Generative Modelling

The Score Function

The direction uphill, without ever knowing the height

01 · First principlesThe constant that kills density modelling

Write any density as an energy model: p_θ(x) = e^−E_θ(x) / Z_θ, where Z_θ = ∫ e^−E_θ(x) dx normalises it. The energy is just a neural network — easy. Z_θ is an integral over all of image space — hopeless. And maximum likelihood needs Z_θ, because making the data probable means making everything else improbable, and you cannot budget probability without knowing the total.

Now take the gradient of the log-density with respect to x, not θ:

∇_x log p(x) = −∇_x E_θ(x) − ∇_x log Z_θ = −∇_x E_θ(x)

= 0 (Z does not depend on x)

The normalising constant vanishes. This vector field, s(x) = ∇_x log p(x), is the score: at every point it points toward higher data density, with magnitude proportional to how steeply the log-density rises. It encodes the entire shape of the distribution while being completely blind to Z.

The pivot: if knowing "where is the probability" (Z) is intractable but "which way is more probable" (the score) is free of Z, then build the whole generative model out of directions.

02 · Visualize itA field of arrows

The score field ∇_x log p(x): every arrow points toward the nearest region of high density. Grey contours are level sets of p; the field knows their shape but not their absolute height.

03 · How it breaksLearning the score, and where naive matching fails

Train a network s_θ(x) to equal the true score by minimising E_p[‖s_θ(x) − ∇_x log p(x)‖²]. The target contains the unknown ∇ log p — circular. Score matching (Hyvärinen) fixes the circularity with integration by parts, leaving an objective in s_θ alone, but it requires the trace of the Jacobian ∇_xs_θ, which is expensive in high dimension.
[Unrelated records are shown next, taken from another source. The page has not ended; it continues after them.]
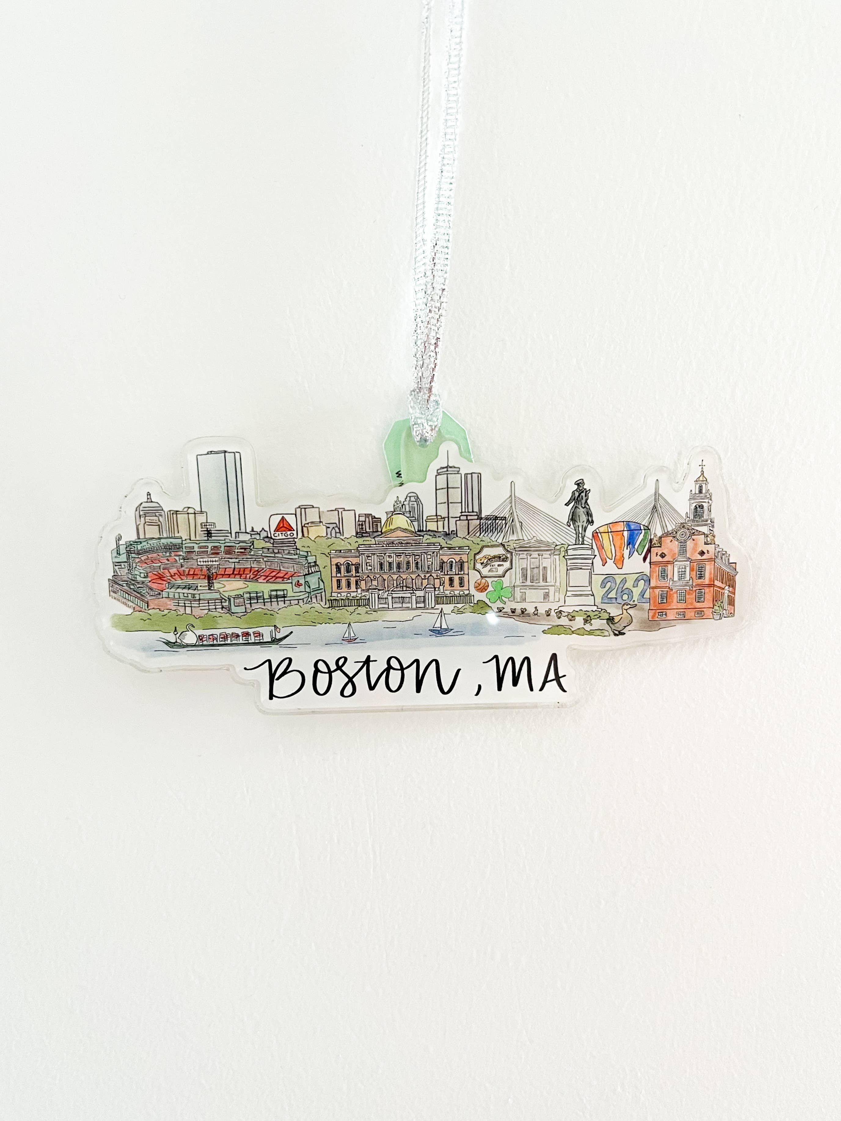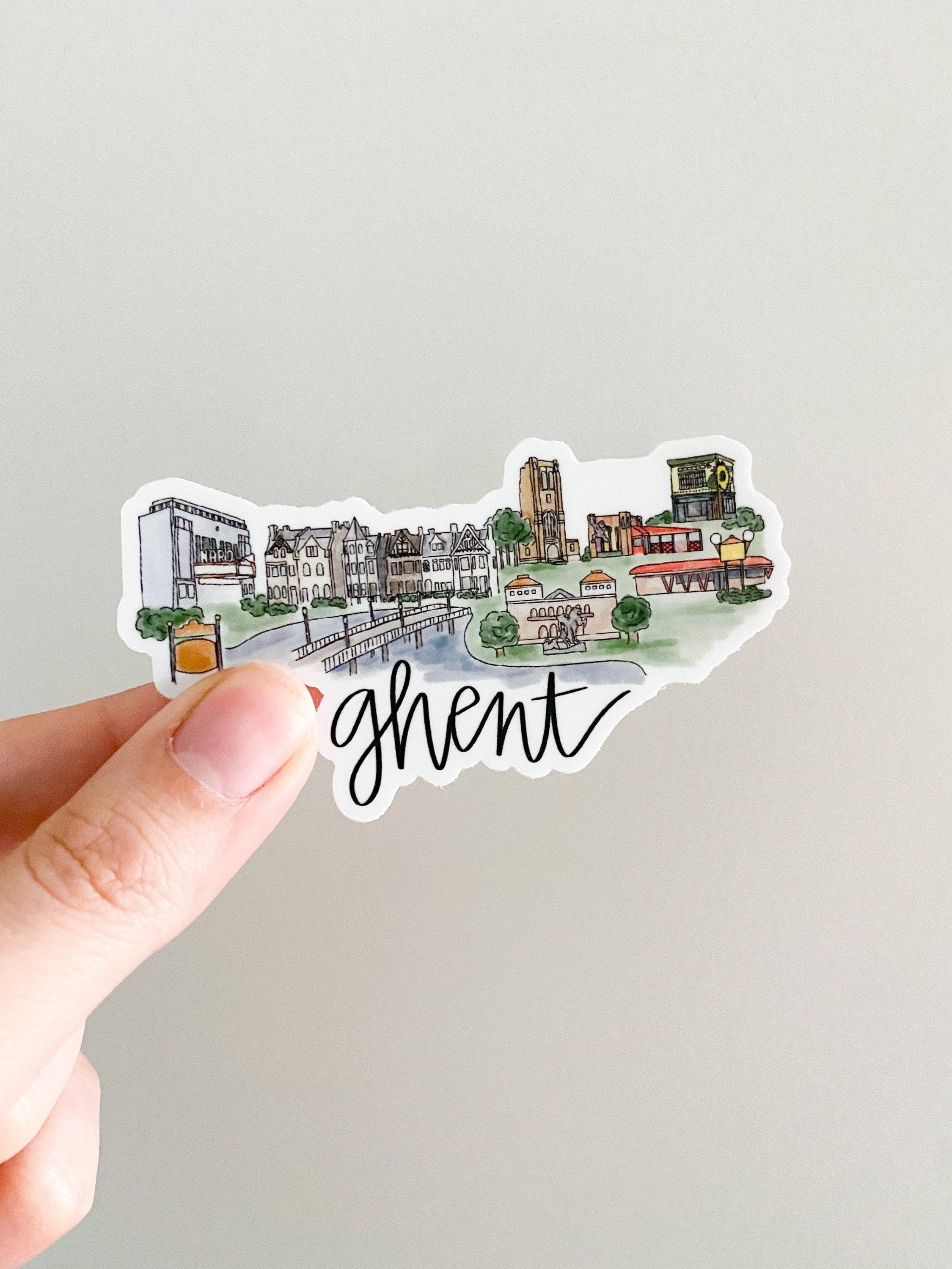 Este es un hermoso adorno acrílico de aproximadamente 4 pulgadas de largo por 2.5 pulgadas de alto. Cuenta con mi diseño del horizonte de Gante impreso en la parte posterior.
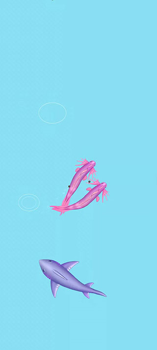 6、到后面小编发现体积越到,身边的生物也非常之大,这里建议大家在控制屏幕的时候一定要注意时速啊,以免直接冲到鲨鱼的口中。
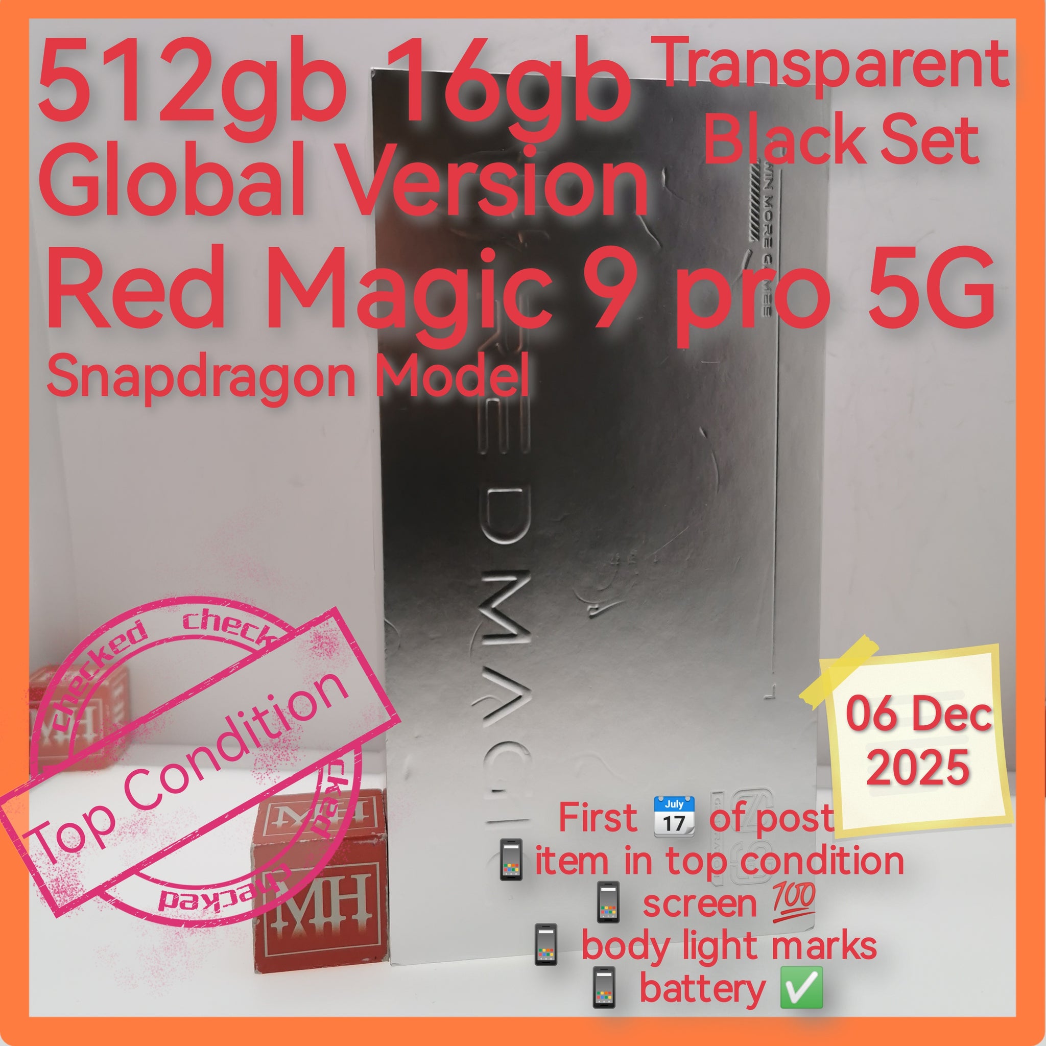 512gb 16gb global version red magic 9 pro 5G snapdragon gaming transparent black full set
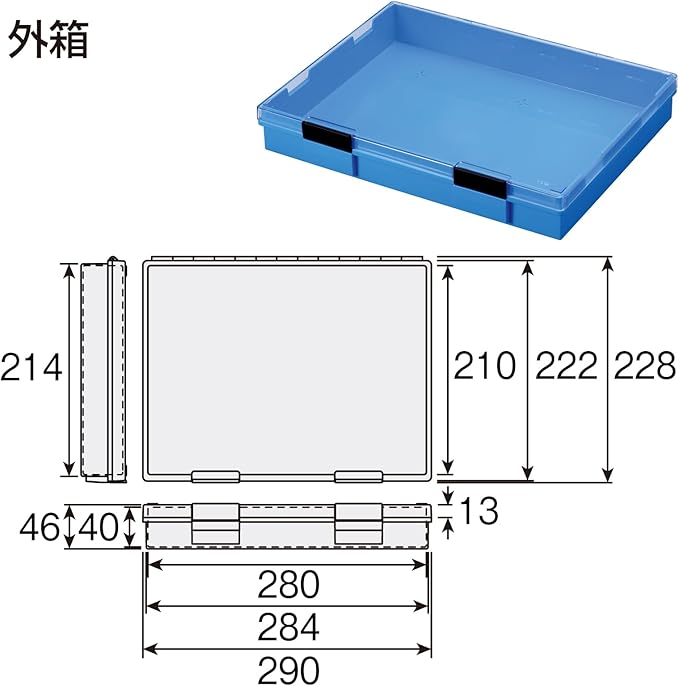 【原産国】日本【外形寸法】290(W) 46(H) 220(D)mm 【材質】ABS(本体)・AS(フタ)【重量】890g【内箱の入組内容】内箱G(B-353) 4個入り【外箱】B-359【容積】2.3L【用途】部品整理、小物整理、パーツ収納、部品ケース、部品箱、パーツストッカー、小物収納ケース、ネジ収納、ビス入れ、プラモデル・模型の部品収納、アクセサリーパーツの収納、ミニサイズのブロック収納、ビーズケース、アイロンビーズ収納、釣具収納、手芸用品収納、洋裁小物収納、文房具収納
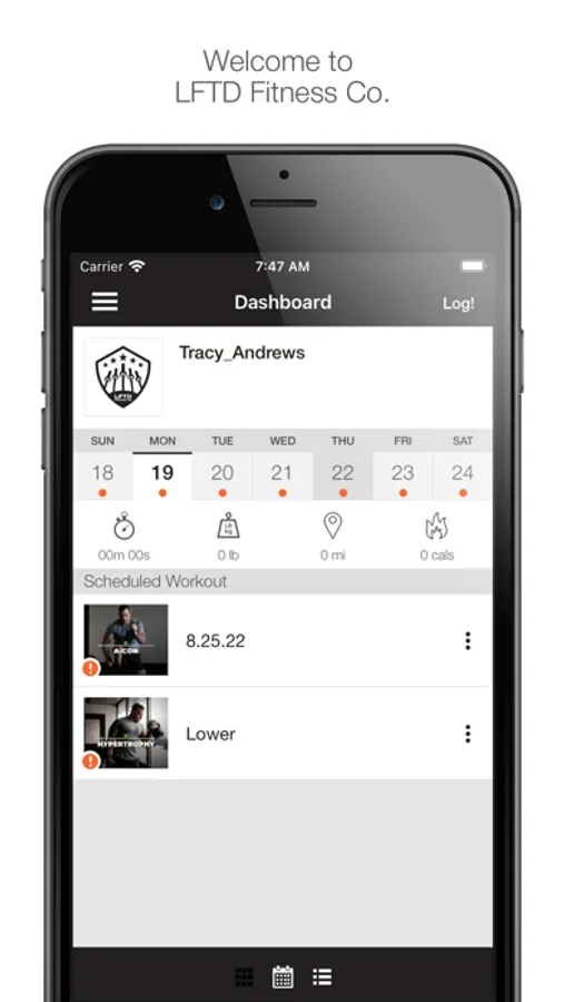 Log your workouts from anywhere with the LFTD workout-tracking app! View your logged workouts, and see upcoming scheduled workouts and appointments inside the app. Track your progress and get the most out of your LFTD transformation workouts!
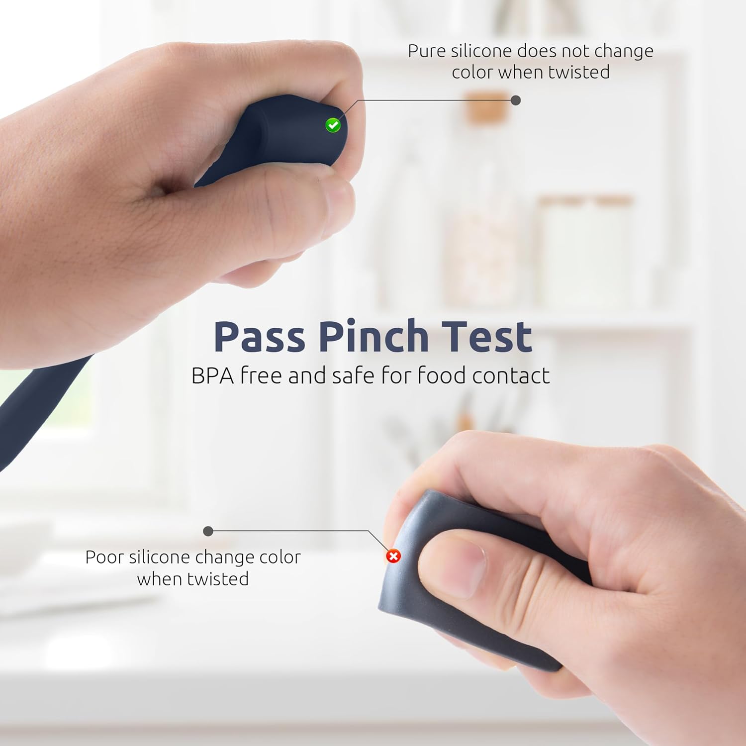 - [600℉ High Heat Resistant] U-Taste silicone jar spatula passes the pinch test, ensuring it’s completely safe for food contact. It's high heat resistant up to 600℉, making it work for handling high-heat tasks such as stirring sauces or cooking peanut brittle. This feature ensures the silicone spatula will not melt with high heat cooking and baking. The long handle also keeps your hands safe from heat. You can use it daily for your non-stick cookware as it will not damage the coating of your pan.
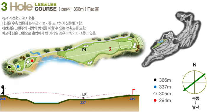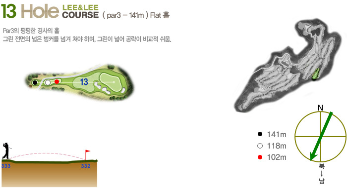 또한 샷밸류를 중요시 하여 Par3 (140m~190m), Par4(295m~380m),
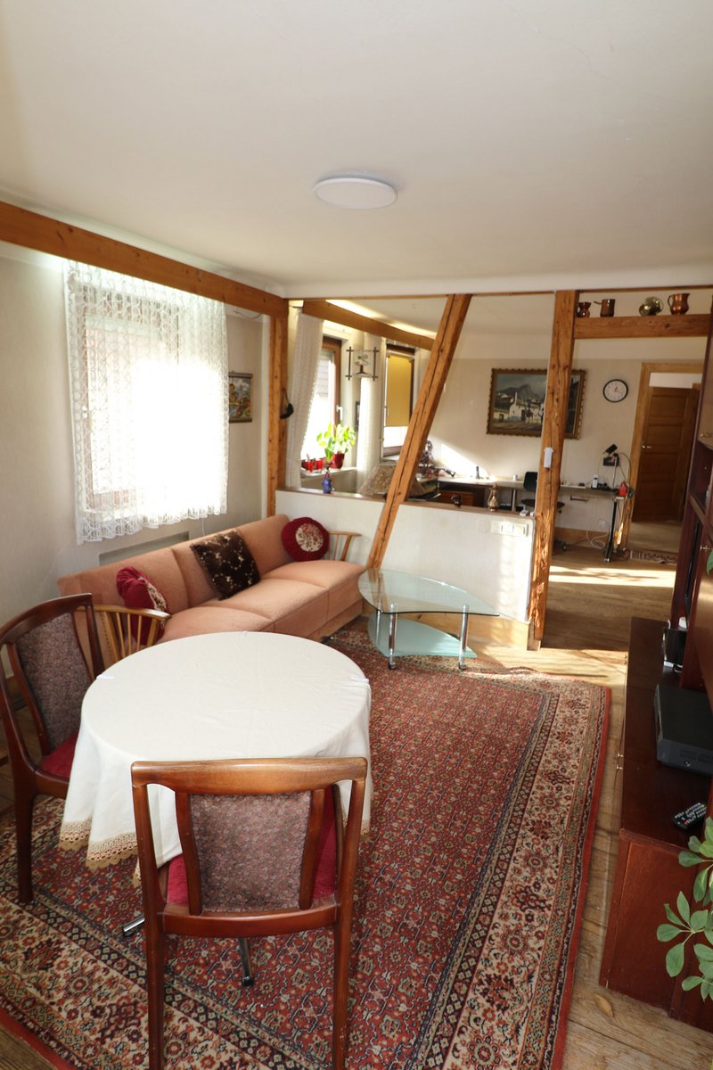 In der zweiten Wohnung, bestehend aus 3-Zimmern, findet sich ebenso ein Tageslicht-Bad mit Dusche, Toilette und Handwaschbecken, ein kleineres Arbeitszimmer, ein Schlafzimmer, eine Küche und ein gemütliches, durch eine Schiebetüre getrenntes Wohnzimmer.
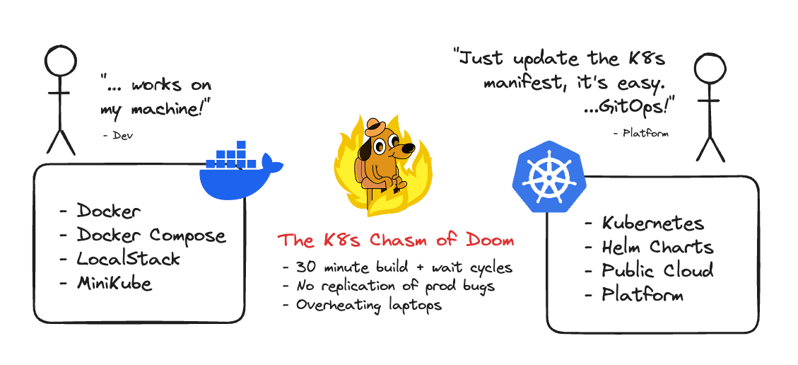 It’s this configuration disparity that gives rise to the “K8s chasm of doom”. We end up with infrastructure defined in one way, often by our platform teams, with our developers using local configurations that are not replicas of production. What begings as simple configurations soon becomes increasingly complex and the risks of the configuration drift can become a risk to our business.
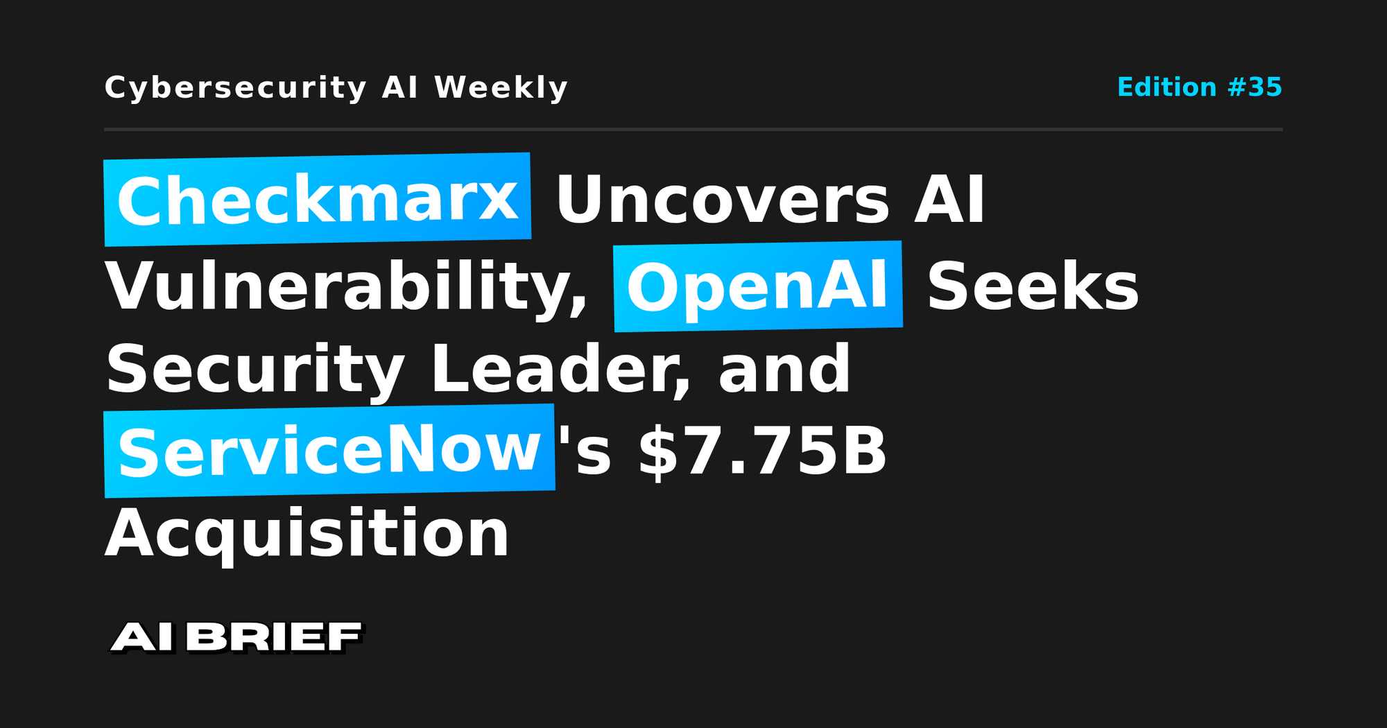 Checkmarx Uncovers AI Vulnerability, OpenAI Seeks Security Leader, and ServiceNow's $7.75B Acquisition - Cybersecurity AI Weekly #35
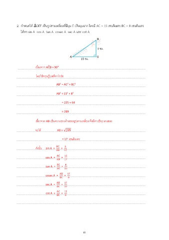 2. กำหนดให้ ∆DEF เป็นรูปสามเหลี่ยมที่มีมุม E เป็นมุมฉาก โดยมี AC = 15 เซนติเมตร BC = 8 เซนติเมตร
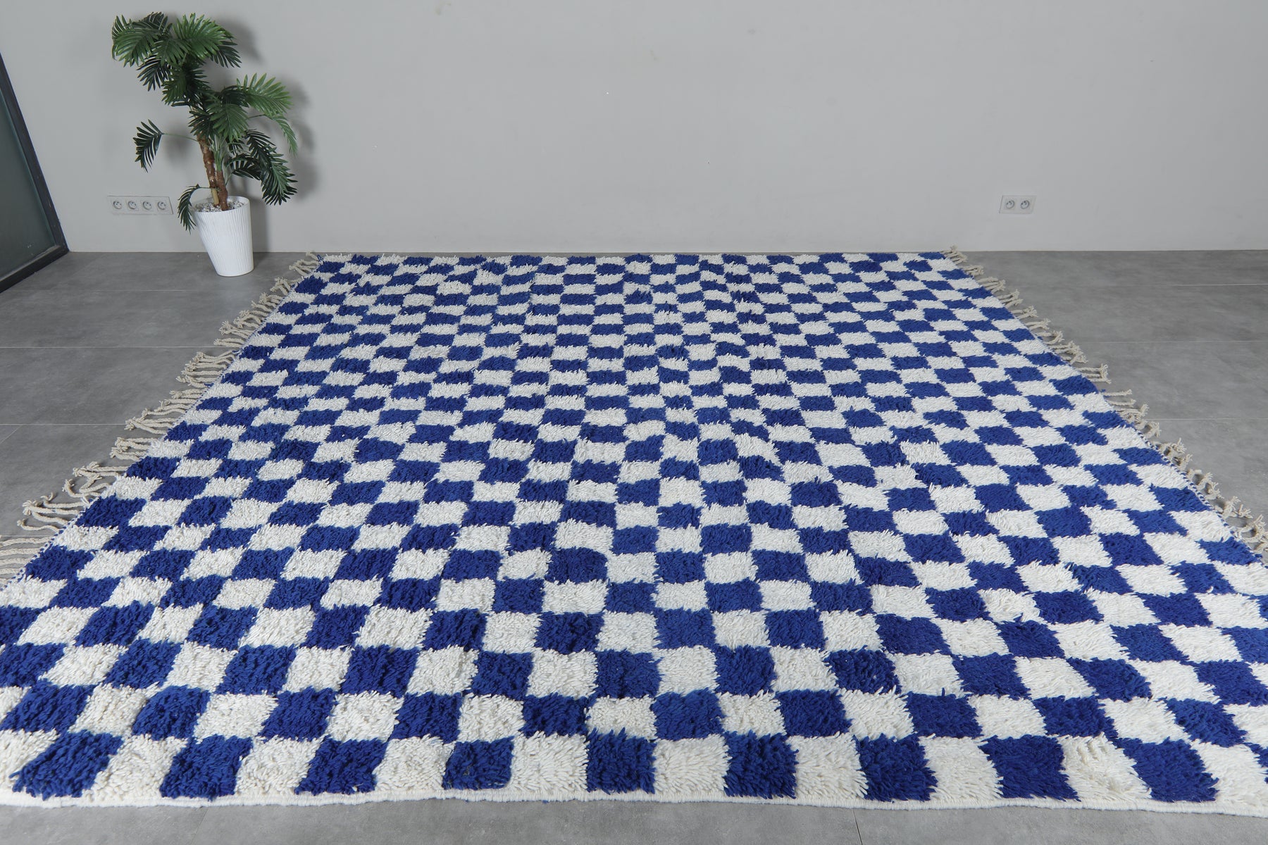 Make a statement with this stunning handmade Moroccan rug, featuring a vibrant blue and white checkered pattern that brings a modern yet timeless charm to any space. Designed for both style and comfort, this luxurious wool rug is the perfect blend of authentic craftsmanship and contemporary design.

There is a worse problem. Real data sits near a thin manifold: almost everywhere in pixel space, p(x) ≈ 0, the training expectation puts no weight there, and the learned score is garbage exactly where a sampler starting from random noise begins its journey. A perfect score on the manifold and nonsense everywhere else is a map of the destination with no roads to it.

Denoising score matching solves both at once. Blur the data with Gaussian noise, x̃ = x + σε, and learn the score of the noised distribution p_σ. A short calculation (this is Tweedie's insight) shows the conditional score has a closed form:

∇_x̃ log p_σ(x̃|x) = (x − x̃) / σ² = −ε / σ

the score is the (scaled) noise you added

and that regressing on this conditional target gives the true marginal score in expectation:

min_θ E_{x, ε}[ ‖ s_θ(x + σε) + ε/σ ‖² ] ⇒ s_θ ≈ ∇ log p_σ

No Jacobians, no Z, and the noise itself spreads training data over the off-manifold regions that need coverage. The cost: we learn the score of a smoothed distribution, not of p itself. Diffusion will turn that cost into the design.

04 · Using itLangevin dynamics: follow the arrows, but jitter

Given a score, sampling is almost gradient ascent on log p:

x_k+1 = x_k + (η/2) · s_θ(x_k) + √η · ε_k, ε_k ~ N(0, I)

injected noise — not optional

The noise term is the entire difference between sampling and optimising. Pure ascent collapses every chain onto the modes; the calibrated jitter makes the stationary distribution exactly p, so chains spend time in proportion to probability. Think of a marble rolling into valleys of −log p while the table is shaken: the shaking is what makes it explore the valley floor rather than sit at the deepest point.

One failure remains: with a single small σ, Langevin chains mix poorly between distant modes and the far-field score is still weak. The fix — use a whole ladder of noise levels, large σ to guide from far away, small σ to refine — is precisely the forward process of diffusion, and the ε-prediction network of DDPM is this denoising score model wearing different notation.

Mental Model

The score is the compass of a distribution: direction uphill in log-probability, everywhere, with the unknowable altitude (Z) cancelled out.
Naive score learning fails off the data manifold — exactly where samplers start.
Tweedie's insight: the score of noised data is the negative noise, so "predict the noise" is score estimation in disguise.
Langevin sampling = follow the compass + mandatory jitter; the jitter converts hill-climbing into sampling.
One noise level gives a weak compass; a ladder of noise levels gives diffusion.